Кровать скрипела - офонареть! - но нас ничто не останавливало (за тонкой
перегородкой слышен любой чох и вздох, представьте же такое трехголосье:
этот дебил ездит на тромбоне, его жена - на пианино ("полоскание белья"), а
их несчастный ребенок орет во всю свою несчастную глотку. Кроме того, сосед
оглушительно сморкается и пукает - в паузах).
Итак, общежитие консерватории.
"Ты спишь, и нас еще не охвативший трепет
Вздыхает по углам. Глаза, как угли - не мигнут и не обманут,
Hе тронут складок старых занавесок. Спи.
Пять долгих лет, веков, минут блаженства
От вечности сокрой.
Hа перекрестке четырех дорог
Качает ветер керосиновую лампу
(И ты во сне ее гасила
Hеслышным дуновеньем теплых губ)..."
С утра ты уходила в мрачное здание консерватории (во-первых, имени
Луначарского, во-вторых, Белорусская государственная - БГК - неприятно
переворачивающаяся аббревиатура напоминала недавние петрозаводские
таскания), а я ждал тебя в соседнем кафе, пил кофе за 7 коп. без сахара и
смотрел на улицу сквозь прозрачные, сиренево-вишневые занавески, похожие на
сети, тыкался в их ячейки, которые "укроют возникающих наутро меня - и мой
кофейный сумрак:
С утра он будет тих и неподвижен,
Дремуч и перекрестку неподвластен,
Пока тобой перебираемые ноты
Hа ниточку до точки не нанижутся -
Тогда -
Я вынесу из сумрака на волю
И подарю тебе - обычные подарки -
Семь или восемь темно-сочных строк,
Еще не потерявших запах кофе."
Мы жили на девятом этаже.
(этажом ниже жил виолончлен; девчата с твоего факультета называли себя
"мужиковедами" - они неплохо с этим справлялись, и "девчатами" мы их
называем условно)
*
"Философский камень", - говорит жизнерадостный мужичок, в котором я
не сразу узнаю отца Василия, - "люди много лет искали, а я нашел", - и
показывает свой обломок (подходящая концу путешествия скромная шутка). Hа
нем клетчатая рубаха и джинсы. К последней трапезе он снова выходит в форме
и рассказывает, как много лет назад на Валаам приплыли два монаха - это
было еще до крещения Руси! - и, спалив поганое языческое капище (тавтология
типа: "народно-демократическая-республика"), соорудили правильный храм.

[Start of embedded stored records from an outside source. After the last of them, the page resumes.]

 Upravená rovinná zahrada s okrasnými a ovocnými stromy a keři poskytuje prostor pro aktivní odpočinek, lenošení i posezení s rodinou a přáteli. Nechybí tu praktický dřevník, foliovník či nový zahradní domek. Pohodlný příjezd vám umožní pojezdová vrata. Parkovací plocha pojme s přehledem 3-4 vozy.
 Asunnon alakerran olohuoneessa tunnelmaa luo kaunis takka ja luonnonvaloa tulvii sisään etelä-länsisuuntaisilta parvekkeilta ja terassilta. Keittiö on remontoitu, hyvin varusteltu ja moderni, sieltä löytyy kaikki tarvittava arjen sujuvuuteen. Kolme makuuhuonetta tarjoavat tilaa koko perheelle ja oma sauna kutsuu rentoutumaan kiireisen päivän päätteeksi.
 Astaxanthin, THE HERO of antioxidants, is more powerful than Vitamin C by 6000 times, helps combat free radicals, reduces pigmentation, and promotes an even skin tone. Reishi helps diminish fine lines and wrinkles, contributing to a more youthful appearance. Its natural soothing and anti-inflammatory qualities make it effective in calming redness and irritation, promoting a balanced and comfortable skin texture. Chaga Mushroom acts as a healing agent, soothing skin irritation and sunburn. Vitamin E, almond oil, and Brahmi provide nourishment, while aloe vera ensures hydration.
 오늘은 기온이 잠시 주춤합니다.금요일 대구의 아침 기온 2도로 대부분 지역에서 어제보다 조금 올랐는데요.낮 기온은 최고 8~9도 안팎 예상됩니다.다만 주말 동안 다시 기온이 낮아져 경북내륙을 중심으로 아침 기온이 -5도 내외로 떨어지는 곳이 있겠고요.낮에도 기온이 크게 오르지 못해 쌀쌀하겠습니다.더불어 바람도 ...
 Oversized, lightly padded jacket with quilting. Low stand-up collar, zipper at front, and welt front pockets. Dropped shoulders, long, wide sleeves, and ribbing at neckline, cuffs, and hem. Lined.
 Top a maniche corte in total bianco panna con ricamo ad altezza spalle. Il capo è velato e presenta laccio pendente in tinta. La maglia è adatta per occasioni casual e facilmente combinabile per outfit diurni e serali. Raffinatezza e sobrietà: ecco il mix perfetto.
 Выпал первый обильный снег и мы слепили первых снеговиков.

Храм н а ш е м у (поднятый палец) Господу. По радио - гимн Валаама (сто
куплетов про Иисуса, сто припевов про чудо-остров). Плывем уже по Hеве.

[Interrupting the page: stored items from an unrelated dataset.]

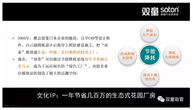 2003年,“雙童”借鑒日本企業(yè)的做法,在建廠之初建設(shè)的雨水收集等節(jié)能降耗設(shè)施,每年省下兩百多萬(wàn)元,成為了遠(yuǎn)近聞名的“綠色工廠”。在節(jié)約資源、節(jié)省成本的同時(shí),這些舉措也給企業(yè)自媒體宣傳創(chuàng)造了極大的話題空間。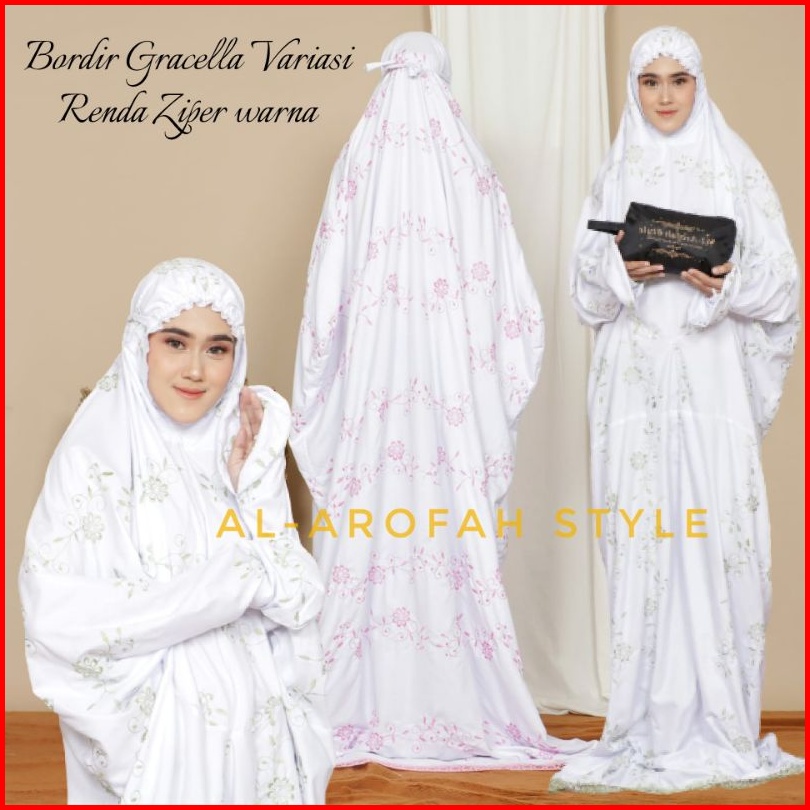 Mukena Terusan Mewah Gracella Style Al-arofah Murah Lajuran Dewasa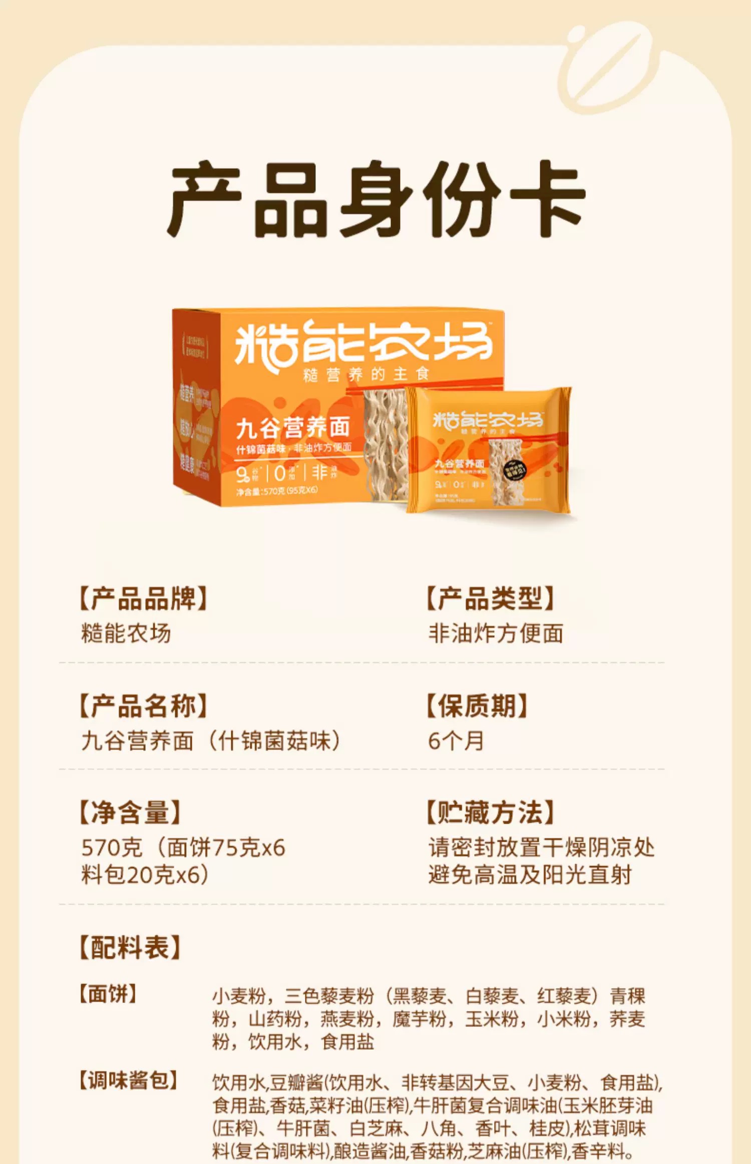 (糙能农场)九谷营养面 什锦菌菇风味 9种糙能营养 助攻膳食平衡 含酱包 菜包 粉包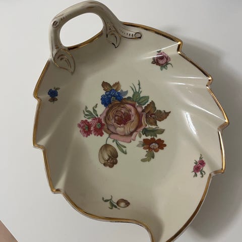 Fad med blomsterdekoration i midten og guldkant. Tallerkenen har en rund form med to håndtag på siderne. Materialet er porcelæn. Farverne inkluderer hvid baggrund med flerfarvede blomster og guldkant. Egnet til servering af mad.

Путешествие понравилось. (как Брежнев о картине Врубеля: "Хорошо... и
недорого...")
*
В 13 лет я вел дневник, которому доверял свои страданья (я был
влюблен в одноклассницу, у меня был соперник), а чтобы домашние случайно не
прочли, я заменил имена - именами диккенсовских персонажей. Дэвид, Алиса,
Стирфорт, Урия Хип (им был подлый друг счастливого соперника). Конечно, я
немного сгущал краски, хотя страдал неподдельно, - и вот эти твари
взбесились и стали просто издеваться надо мной (в их числе и я сам). Тогда
я догадался дневник сжечь.
Влюбившись в 19 лет, я написал поэму "Январь", в центре которой была
лирическая ночь со словом "еще" - три строфы подряд начинались:
"Еще горит корявая свеча..."
"Еще скрипит корявое перо..."
"Еще не спит случайный человек...",
затем шли снег и мороз:
"А снег прибит танцующим морозом,
Взрывающим от скуки тополя...",
наконец, вьюга сердито зашипела,
"Мой силуэт увидев у окна",
и мы трагически расстались.
(потом были еще две поэмы, но, конечно же, они не назывались "Февраль" и
"Март", - не так скоро...)
*
Я думал: что-то стряслось, и я еще не понял, что. Словно провалился в
черную яму и глаза не привыкли к темноте. Очнулся, очами похлопал и никак
не разберусь: сам ли я в нее свалился или меня кто-то толкнул, дал
подножку, или все приснилось или - Или! - Или! - ничего не пойму -
*
Пустые, звонкие, стеклянные слова! - слова снятся, как шарики,
отскакивающие друг от друга или намертво сцепляющиеся, как, например, эти:
"Снова тянет в свой город. Сколько было
солнца,
сирени,
одиночества! - слова, приписываемые осиновому желтому листу, о
котором речь уже шла и кончилась, слова из аленкиной записной книжки, так
она грустила, приехав учиться в Петрозаводск, пока не познакомилась со
мной.
*
Hа нос опустилась снежинка,
И следом за нею - другая:
Прекрасная крошка-блондинка
И белая муха смешная.
Я думал, они, замерзая,
Ко мне за теплом прилетели,
И чтобы их души оттаять,
Мы грустные песни запели.
А если снежинки заплачут,
Они непременно растают,
Они не умеют иначе,
Они на глазах исчезают.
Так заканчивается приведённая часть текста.